▶ [DATA EXTRACTS]:
=== Begin Enclosure ===
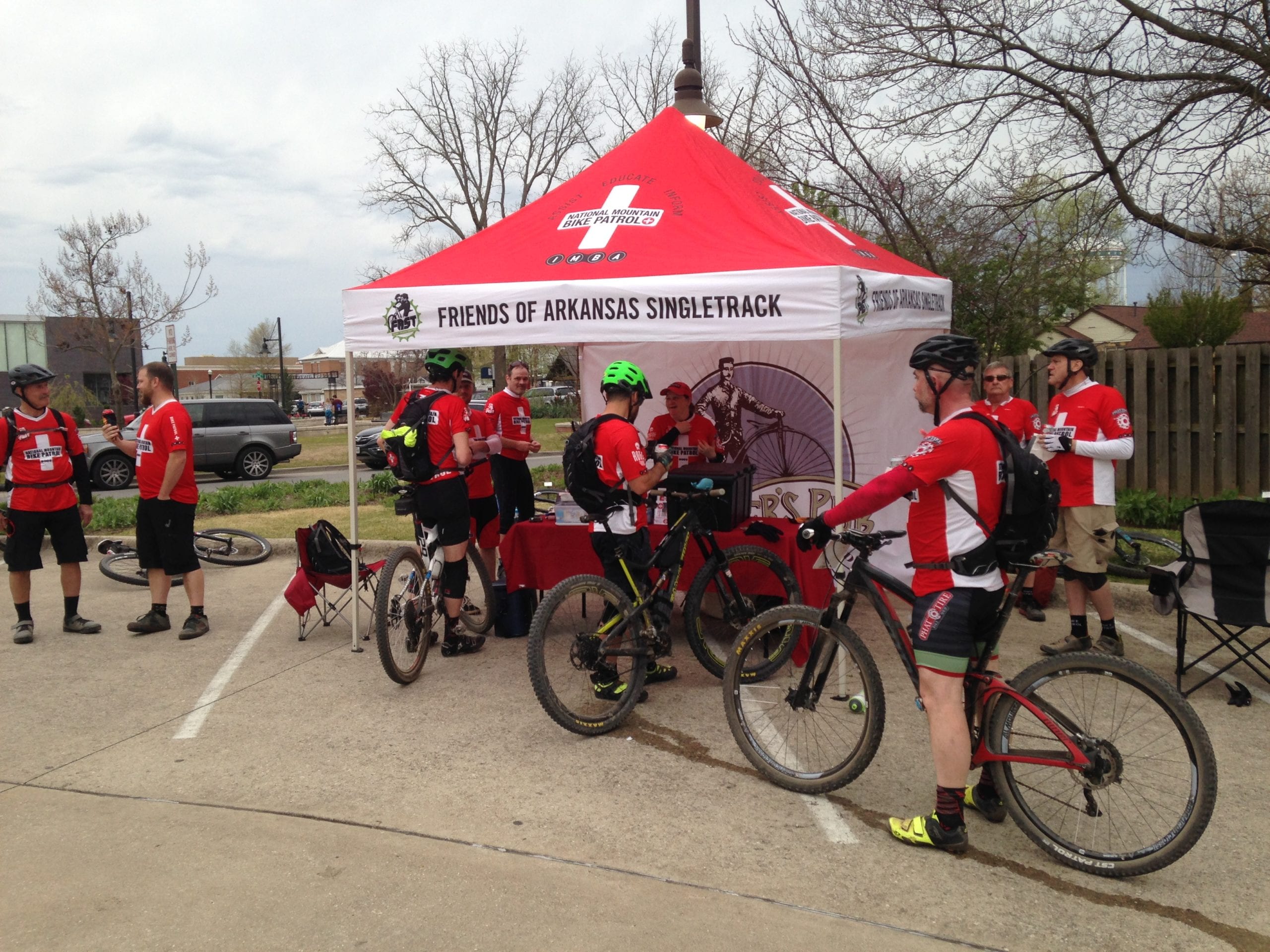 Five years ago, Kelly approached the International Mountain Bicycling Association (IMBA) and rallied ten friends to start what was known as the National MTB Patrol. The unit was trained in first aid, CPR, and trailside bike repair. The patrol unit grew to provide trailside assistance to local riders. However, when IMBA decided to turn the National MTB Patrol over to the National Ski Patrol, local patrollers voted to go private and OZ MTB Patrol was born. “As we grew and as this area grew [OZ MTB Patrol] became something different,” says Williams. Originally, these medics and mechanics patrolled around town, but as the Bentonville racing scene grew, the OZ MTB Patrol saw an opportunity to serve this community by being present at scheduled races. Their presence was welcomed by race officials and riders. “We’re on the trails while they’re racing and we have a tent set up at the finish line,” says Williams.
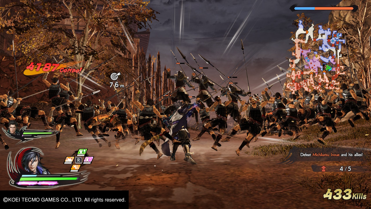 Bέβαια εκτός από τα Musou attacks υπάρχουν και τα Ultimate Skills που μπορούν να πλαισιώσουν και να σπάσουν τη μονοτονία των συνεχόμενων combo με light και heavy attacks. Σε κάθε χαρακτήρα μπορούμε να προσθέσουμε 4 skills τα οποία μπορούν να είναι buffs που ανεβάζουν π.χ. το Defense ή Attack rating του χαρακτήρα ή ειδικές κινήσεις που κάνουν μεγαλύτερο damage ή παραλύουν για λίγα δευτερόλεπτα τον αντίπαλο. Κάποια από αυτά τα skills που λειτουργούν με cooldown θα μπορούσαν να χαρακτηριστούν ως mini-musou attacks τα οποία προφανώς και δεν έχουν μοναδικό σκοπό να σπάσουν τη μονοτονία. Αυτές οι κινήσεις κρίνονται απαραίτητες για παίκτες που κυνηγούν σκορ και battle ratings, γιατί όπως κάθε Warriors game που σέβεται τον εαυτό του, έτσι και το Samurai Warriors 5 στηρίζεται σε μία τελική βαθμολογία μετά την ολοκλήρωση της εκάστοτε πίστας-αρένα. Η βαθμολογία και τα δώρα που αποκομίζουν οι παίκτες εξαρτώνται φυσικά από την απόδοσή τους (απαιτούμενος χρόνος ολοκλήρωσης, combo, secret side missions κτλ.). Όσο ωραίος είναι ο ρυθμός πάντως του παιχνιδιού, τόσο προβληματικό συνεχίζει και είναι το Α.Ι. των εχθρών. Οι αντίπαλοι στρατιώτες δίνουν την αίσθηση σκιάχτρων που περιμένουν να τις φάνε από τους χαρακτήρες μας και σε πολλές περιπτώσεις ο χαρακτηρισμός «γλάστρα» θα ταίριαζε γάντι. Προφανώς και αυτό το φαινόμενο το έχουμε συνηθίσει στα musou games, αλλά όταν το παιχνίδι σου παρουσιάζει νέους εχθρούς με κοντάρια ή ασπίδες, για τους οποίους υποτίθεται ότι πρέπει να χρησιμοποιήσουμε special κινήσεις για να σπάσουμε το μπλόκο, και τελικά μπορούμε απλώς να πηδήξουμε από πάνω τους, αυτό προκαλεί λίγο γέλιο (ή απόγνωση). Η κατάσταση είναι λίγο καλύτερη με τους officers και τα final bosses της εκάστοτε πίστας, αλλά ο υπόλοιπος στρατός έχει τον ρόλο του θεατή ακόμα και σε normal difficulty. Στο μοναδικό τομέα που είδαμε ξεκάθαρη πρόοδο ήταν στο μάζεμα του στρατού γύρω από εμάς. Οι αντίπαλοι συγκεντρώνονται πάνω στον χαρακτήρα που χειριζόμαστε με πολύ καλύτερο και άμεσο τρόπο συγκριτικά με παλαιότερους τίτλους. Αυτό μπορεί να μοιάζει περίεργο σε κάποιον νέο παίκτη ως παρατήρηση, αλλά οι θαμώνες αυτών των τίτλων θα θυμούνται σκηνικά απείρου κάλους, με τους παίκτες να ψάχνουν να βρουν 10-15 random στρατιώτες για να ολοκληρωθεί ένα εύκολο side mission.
=== End Enclosure ===
=== Begin Enclosure ===
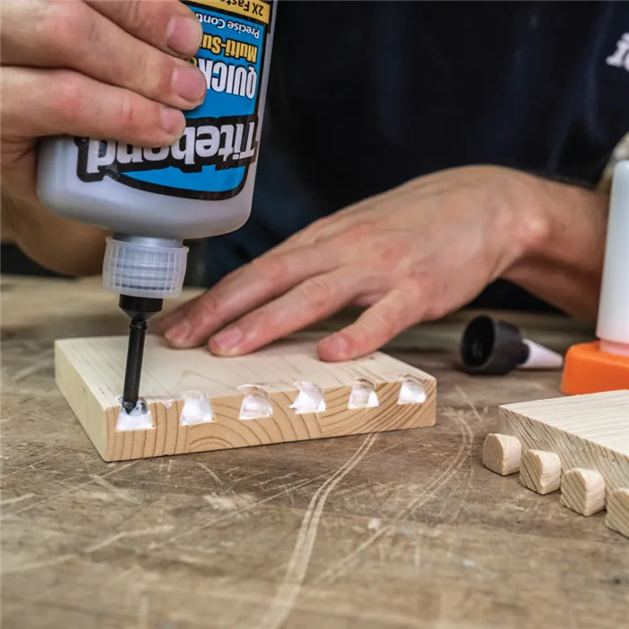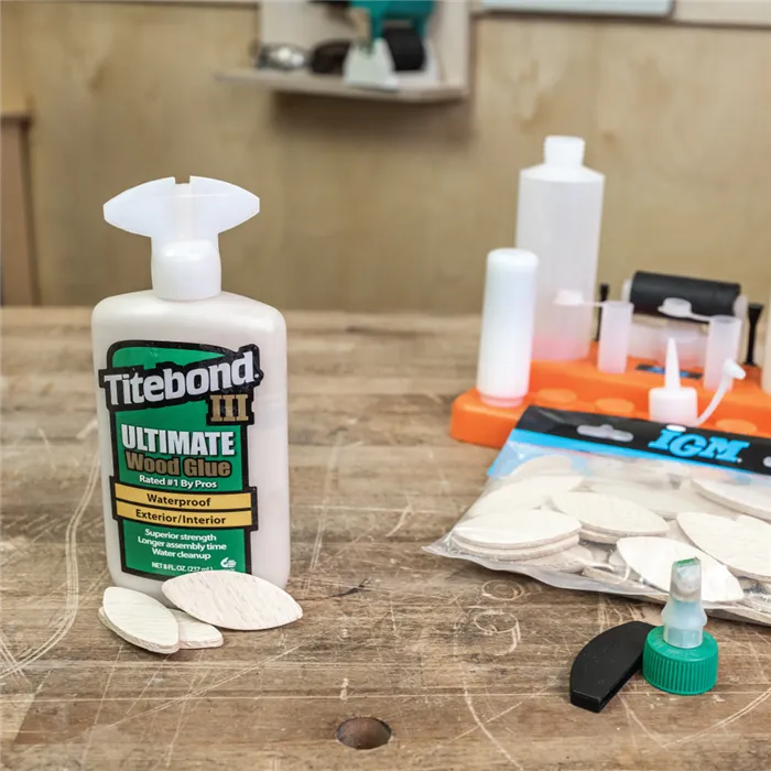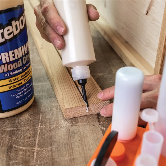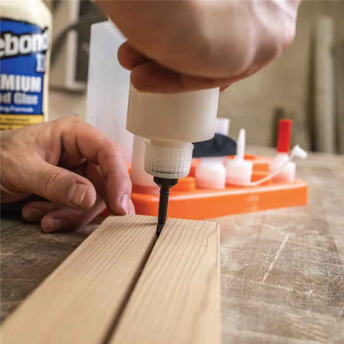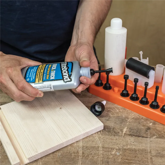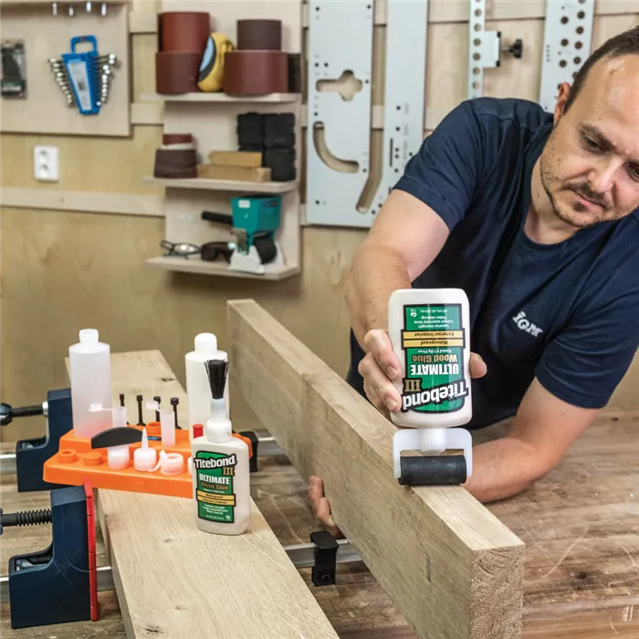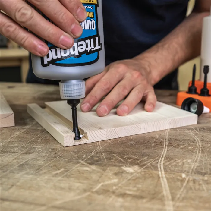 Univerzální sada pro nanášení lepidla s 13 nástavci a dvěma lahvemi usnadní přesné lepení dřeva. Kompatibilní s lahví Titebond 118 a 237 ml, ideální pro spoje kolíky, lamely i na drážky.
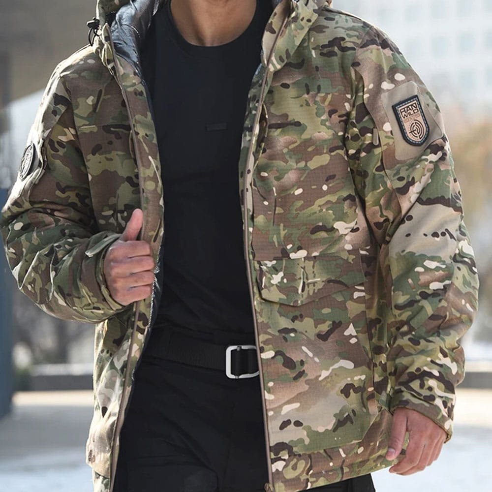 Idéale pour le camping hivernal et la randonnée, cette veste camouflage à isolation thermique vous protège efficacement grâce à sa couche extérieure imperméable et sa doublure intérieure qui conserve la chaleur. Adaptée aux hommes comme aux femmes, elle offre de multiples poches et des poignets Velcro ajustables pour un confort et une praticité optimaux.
=== End Enclosure ===
=== Begin Enclosure ===
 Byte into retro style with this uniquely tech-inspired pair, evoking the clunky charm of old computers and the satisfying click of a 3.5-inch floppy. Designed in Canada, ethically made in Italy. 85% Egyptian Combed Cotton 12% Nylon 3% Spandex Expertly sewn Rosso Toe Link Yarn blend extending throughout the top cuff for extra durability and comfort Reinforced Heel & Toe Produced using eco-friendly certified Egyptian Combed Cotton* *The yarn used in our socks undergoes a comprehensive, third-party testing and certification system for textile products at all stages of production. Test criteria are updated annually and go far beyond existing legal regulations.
=== End Enclosure ===
▶ [REQUIRED WORK]: Beginning with the line above that contains "Univerzální sada pro" and finishing with the line that contains "Idéale pour le", print those lines exactly and only. Skip all pictures.

▶ [EXPECTED OUTPUT]:
 Univerzální sada pro nanášení lepidla s 13 nástavci a dvěma lahvemi usnadní přesné lepení dřeva. Kompatibilní s lahví Titebond 118 a 237 ml, ideální pro spoje kolíky, lamely i na drážky.
 Idéale pour le camping hivernal et la randonnée, cette veste camouflage à isolation thermique vous protège efficacement grâce à sa couche extérieure imperméable et sa doublure intérieure qui conserve la chaleur. Adaptée aux hommes comme aux femmes, elle offre de multiples poches et des poignets Velcro ajustables pour un confort et une praticité optimaux.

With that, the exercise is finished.